Case ID: f2d_611/html/0044-01.html
Source: Caselaw Access Project
Author: {"author": "\n      DONALD RUSSELL, Circuit Judge:", "license": "Public Domain", "url": "https://static.case.law/"}
Date Created: 2024-08-24T03:29:51.129683

UNITED STATES of America, Appellee, v. Angel Manuel LOPEZ, Appellant.
    No. 78-5033.
    United States Court of Appeals, Fourth Circuit.
    Submitted Oct. 5, 1979.
    Decided Nov. 29, 1979.
    Michael J. McCarthy, Bowie, Md., on brief for appellant.
    Russell T. Baker, Jr., U. S. Atty. and Donald H. Feige, Asst. U. S. Atty., Baltimore, Md., on brief, for appellee.
    Before RUSSELL, WIDENER and SPROUSE, Circuit Judges.
   DONALD RUSSELL, Circuit Judge:

Convicted of unlawful possession with intent to distribute and distribution of heroin, 21 U.S.C. § 841(a)(1), the defendant has appealed, asserting error by the district court (1) in limiting his cross-examination of a witness, (2) in reopening the Government’s case to include certain documentary evidence, (3) in its jury instructions, and (4) in its denial of his motion for acquittal. We find the claims of error without merit and affirm.

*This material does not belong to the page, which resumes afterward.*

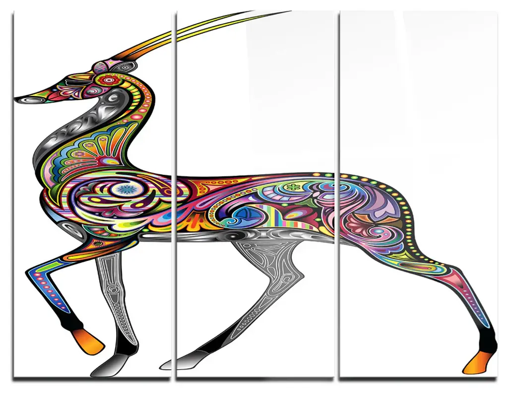 "Rainbow Patterned Horse" Digital Metal Wall Art, 3 Panels, 36"x28"

The defendant’s first objection is directed at the district court’s refusal to permit the defendant to cross-examine the Government witness Romero Rodriguez on the record of his psychiatric examination. The psychiatric examination of the witness to which the defendant apparently referred was conducted under a § 4244, 18 U.S.C. motion made on behalf of the witness while he was a defendant in another prosecution. The report of this examination had been given defendant’s counsel prior to trial. As a result of that examination, the witness was found competent to stand trial and that finding of the psychiatrist was confirmed by a ruling of the trial court. The defendant contended, however, that cross-examination of the witness along the lines of the material in the report of the psychiatric examination was permissible because the jury was entitled to that information “just as they are entitled to know if he has a criminal record.” The position of the Government was that such a cross-examination would be an inquiry into “collateral matters which would broaden the whole scope of this case . . . .” The district court’s adverse ruling sustained this position.

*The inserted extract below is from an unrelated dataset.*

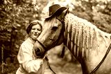 A woman is wearing a cowboy hat while riding a horse in an open field
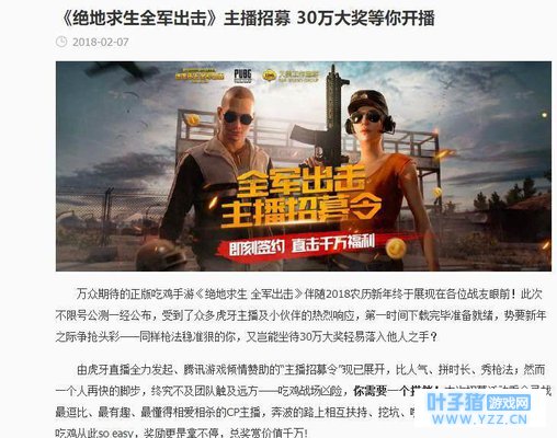 该游戏与虎牙直播联合,在新的一年里,为了给直播间小伙伴们带来福利,也希望各位主播的直播事业能够红红火火。全军出击斥巨资寻找吃鸡车队,带粉赢奖励。

One’s psychiatric history is an area of great personal privacy which can only be invaded in cross-examination when required in the interests of justice. This is so because cross-examination of an adverse witness on matters of such personal privacy, if of minimal probative value, is manifestly unfair and unnecessarily demeaning of the witness. Moreover, such cross-examination will generally introduce into the case a collateral issue, leading to a large amount of testimony substantially extraneous to the essential facts and issues of the controversy being tried. Because of the obvious unfairness of such a cross-examination and its needless waste of judicial time, it has been posited in an authoritative text that, “Courts should have the power to protect witnesses against cross-examination that does little to impair credibility but that may damage their reputation, invade their privacy, and assault their personality.” And Rule 403, Federal Rules of Evidence provides the courts with the power to do just this.

In making provision for such authority in the trial court, the drafters of Rule 403 were merely following the modern decisional trend under which courts have frequently exercised the power to prevent excursions during cross-examination into collateral matters of a purely personal nature having minor probative value. Particularly true is this in those cases in which the witness’ psychiatric experiences are sought to be inquired into by way of an attack on the witness’ credibility. The rationale for such a restriction, as applied in the psychiatric area, is that many psychiatric problems or fixations which a witness may have had are without any relevancy to the witness’ credibility, concerned as it is with whether the witness’ mental impairment is related to “his capacity to observe the event at the time of its occurrence, to communicate his observations accurately and truthfully at trial, or to maintain a clear recollection in the meantime.” It follows that the witness’ mental impairment, to constitute a proper subject for cross-examination, must have been “at a time probatively related to the time period about which he was attempting to testify,” United States v. Honneus, 508 F.2d at 573; cf. United States v. Partin (5th Cir. 1974) 493 F.2d 750, 763, cert. denied, (1977) 434 U.S. 903, 98 S.Ct. 298, 54 L.Ed.2d 189, must go to the witness’ qualification to testify and ability to recall, United States v. Honneus, 508 F.2d at 573; State v. Harvey, 242 N.W.2d at 335-36, and must not “introduce into the case a collateral issue which would confuse the jury and which would necessitate allowing the Government to introduce testimony explaining the matter,” United States v. Mucherino (4th Cir. 1962) 311 F.2d 172, 174; United States ex rel. Polhill v. Otis (S.D.N.Y.1970) 316 F.Supp. 334, 336; State v. Rittiner (La.1976) 341 So.2d 307, 317. Contra Ramseyer v. General Motors Corp. (8th Cir. 1969) 417 F.2d 859, 863 (disapproving of Mucherino ).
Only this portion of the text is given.